#### [Exercise brief]
Every line of the data below needs to be reproduced exactly.

*** Records provided

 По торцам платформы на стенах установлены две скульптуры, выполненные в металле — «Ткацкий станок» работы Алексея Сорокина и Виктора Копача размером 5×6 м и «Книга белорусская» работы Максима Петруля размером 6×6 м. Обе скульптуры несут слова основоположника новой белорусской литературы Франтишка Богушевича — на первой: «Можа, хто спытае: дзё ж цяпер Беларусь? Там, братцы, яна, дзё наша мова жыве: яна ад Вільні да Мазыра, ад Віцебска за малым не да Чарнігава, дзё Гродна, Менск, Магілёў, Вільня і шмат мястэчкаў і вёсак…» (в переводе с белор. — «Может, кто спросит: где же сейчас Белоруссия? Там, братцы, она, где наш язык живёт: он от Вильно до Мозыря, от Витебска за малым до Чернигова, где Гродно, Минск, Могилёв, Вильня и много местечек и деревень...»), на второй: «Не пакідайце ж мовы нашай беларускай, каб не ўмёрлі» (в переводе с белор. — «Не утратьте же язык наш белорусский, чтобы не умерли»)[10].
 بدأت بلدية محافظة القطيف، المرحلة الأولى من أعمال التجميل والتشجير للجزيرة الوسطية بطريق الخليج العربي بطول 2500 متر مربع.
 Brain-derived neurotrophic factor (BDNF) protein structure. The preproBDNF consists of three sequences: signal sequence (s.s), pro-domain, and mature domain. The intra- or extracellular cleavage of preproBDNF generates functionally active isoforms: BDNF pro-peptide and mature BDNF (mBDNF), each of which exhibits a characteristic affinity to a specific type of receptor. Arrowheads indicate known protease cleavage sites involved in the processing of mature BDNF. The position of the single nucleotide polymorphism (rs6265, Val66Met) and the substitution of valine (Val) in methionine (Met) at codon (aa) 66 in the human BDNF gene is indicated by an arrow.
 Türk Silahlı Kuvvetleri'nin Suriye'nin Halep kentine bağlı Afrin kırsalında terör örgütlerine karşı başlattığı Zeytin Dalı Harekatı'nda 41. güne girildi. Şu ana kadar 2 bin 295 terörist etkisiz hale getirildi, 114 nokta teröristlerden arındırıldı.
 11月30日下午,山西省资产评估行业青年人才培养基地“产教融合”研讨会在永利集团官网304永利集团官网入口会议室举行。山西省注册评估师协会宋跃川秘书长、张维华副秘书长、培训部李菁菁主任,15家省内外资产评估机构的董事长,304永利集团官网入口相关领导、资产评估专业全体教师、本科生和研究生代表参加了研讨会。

******

#### [Answer to this problem]
 По торцам платформы на стенах установлены две скульптуры, выполненные в металле — «Ткацкий станок» работы Алексея Сорокина и Виктора Копача размером 5×6 м и «Книга белорусская» работы Максима Петруля размером 6×6 м. Обе скульптуры несут слова основоположника новой белорусской литературы Франтишка Богушевича — на первой: «Можа, хто спытае: дзё ж цяпер Беларусь? Там, братцы, яна, дзё наша мова жыве: яна ад Вільні да Мазыра, ад Віцебска за малым не да Чарнігава, дзё Гродна, Менск, Магілёў, Вільня і шмат мястэчкаў і вёсак…» (в переводе с белор. — «Может, кто спросит: где же сейчас Белоруссия? Там, братцы, она, где наш язык живёт: он от Вильно до Мозыря, от Витебска за малым до Чернигова, где Гродно, Минск, Могилёв, Вильня и много местечек и деревень...»), на второй: «Не пакідайце ж мовы нашай беларускай, каб не ўмёрлі» (в переводе с белор. — «Не утратьте же язык наш белорусский, чтобы не умерли»)[10].
 بدأت بلدية محافظة القطيف، المرحلة الأولى من أعمال التجميل والتشجير للجزيرة الوسطية بطريق الخليج العربي بطول 2500 متر مربع.
 Brain-derived neurotrophic factor (BDNF) protein structure. The preproBDNF consists of three sequences: signal sequence (s.s), pro-domain, and mature domain. The intra- or extracellular cleavage of preproBDNF generates functionally active isoforms: BDNF pro-peptide and mature BDNF (mBDNF), each of which exhibits a characteristic affinity to a specific type of receptor. Arrowheads indicate known protease cleavage sites involved in the processing of mature BDNF. The position of the single nucleotide polymorphism (rs6265, Val66Met) and the substitution of valine (Val) in methionine (Met) at codon (aa) 66 in the human BDNF gene is indicated by an arrow.
 Türk Silahlı Kuvvetleri'nin Suriye'nin Halep kentine bağlı Afrin kırsalında terör örgütlerine karşı başlattığı Zeytin Dalı Harekatı'nda 41. güne girildi. Şu ana kadar 2 bin 295 terörist etkisiz hale getirildi, 114 nokta teröristlerden arındırıldı.
 11月30日下午,山西省资产评估行业青年人才培养基地“产教融合”研讨会在永利集团官网304永利集团官网入口会议室举行。山西省注册评估师协会宋跃川秘书长、张维华副秘书长、培训部李菁菁主任,15家省内外资产评估机构的董事长,304永利集团官网入口相关领导、资产评估专业全体教师、本科生和研究生代表参加了研讨会。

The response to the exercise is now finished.